ALl exercises in this lab, make use of (parts of) the TIMIT database

TIMIT-1: Vowel Classification from a single frame with MELFB, MELFB-PCA or MFCC features using GMMs

Notebook: timit-1.ipynb

In TIMIT-1 the focus is on the feature extraction and the impact of feature properties on classification results, both for GMM and DNN classifiers. We work with a very small subset of the TIMIT database (tinyTIMIT) and use just 3 phone classes. Despite this limited investigation, a number of general properties of the features and their interplay with the classifier will be more than obvious and general enough.

  • MELFB features are the baseline.
    The MELFB come natural but are correlated, a property that doesn't go well with a Euclidean distance measure and with GMMs.

  • MELFB-PCA are the MELFB features subject to a PCA (Principal Component Transform).
    The PCA transform is a linear transform learned from the data as a whole and generates features that are overall maximally decorrelated.
    Realize, however, that this does not imply decorrelatedness on a class per class basis. In practice - at least for the small example we work with - this seems to perform very well. Another potential drawback is that the transform is data dependent, thus potentially language, database, noise, ... dependent. We do not test this in this exercise, but we should be aware of it. A generally more performing - data driven - transform is LDA (Linear Discriminant Analysis) as it takes class-ids into account.

  • MFCC features are derived from MELFB by a DCT transform.
    The MFCC features seem to posess all desirable properties of good feature vectors. The transform is simple, data independent and results in highly decorrelated features. Moreover the information seems concentrated in the lower order coefficients. Hence MFCCs are a natural fit to any distance metric / machine learning operation that follows.

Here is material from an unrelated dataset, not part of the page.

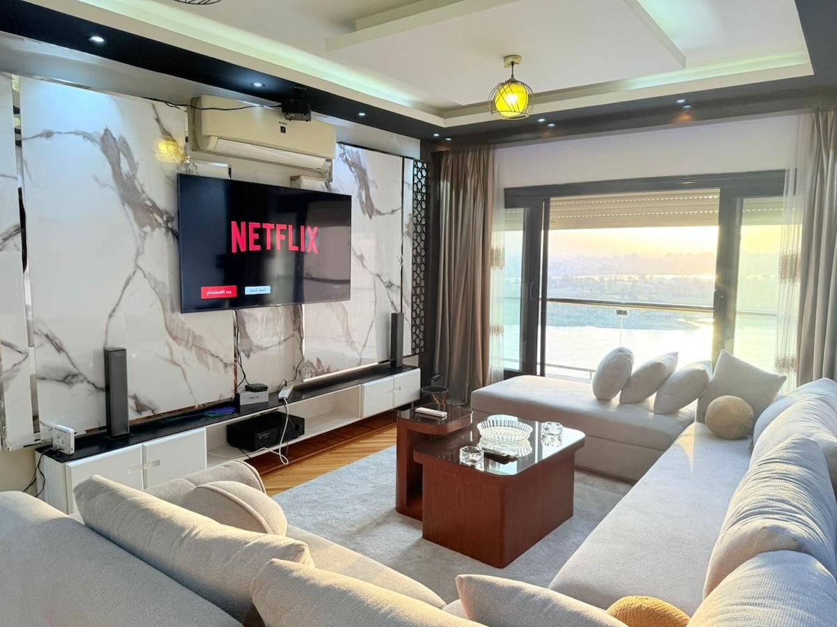 Bine ai venit la liniștea ta Priveliști uimitoare ale Nilului Trezește-te cu priveliști panoramice ale râului Nil, unde răsăritul soarelui pictează cerul în nuanțe vibrante. Bucură-te de cafeaua de dimineață pe balcon în timp ce privești bărcile alunecând * Interioare spațioase și elegante * Apartamentul nostru este conceput cu gândul la confortul tău. Poziție principală #Dotări pentru orice nevoie bucătărie complet utilată sau bucurându-te de o noapte de film cu televizorul nostru inteligent, avem tot ce îți trebuie pentru o ședere confortabilă. Abia așteptăm să te întâmpinăm!

Remark that PCA, LDA and DCT are all linear transform. This implies they don't modify the data in any sense, they only present the data in a different view to the backend recognizer and do it in such a way that this backend performs significantly better. They all show that most information (for our task) can be captured by a rather low dimensional (13D or even less) feature vector .

In the last section we perform a number of experiments with a Multilayer Perceptron (MLP) classifier, using the sklearn package. We may observe that classification rates are not better or worse than with GMMs for this small task. The striking difference is however that the MLP works equally well for all feature representations including the raw MELFB.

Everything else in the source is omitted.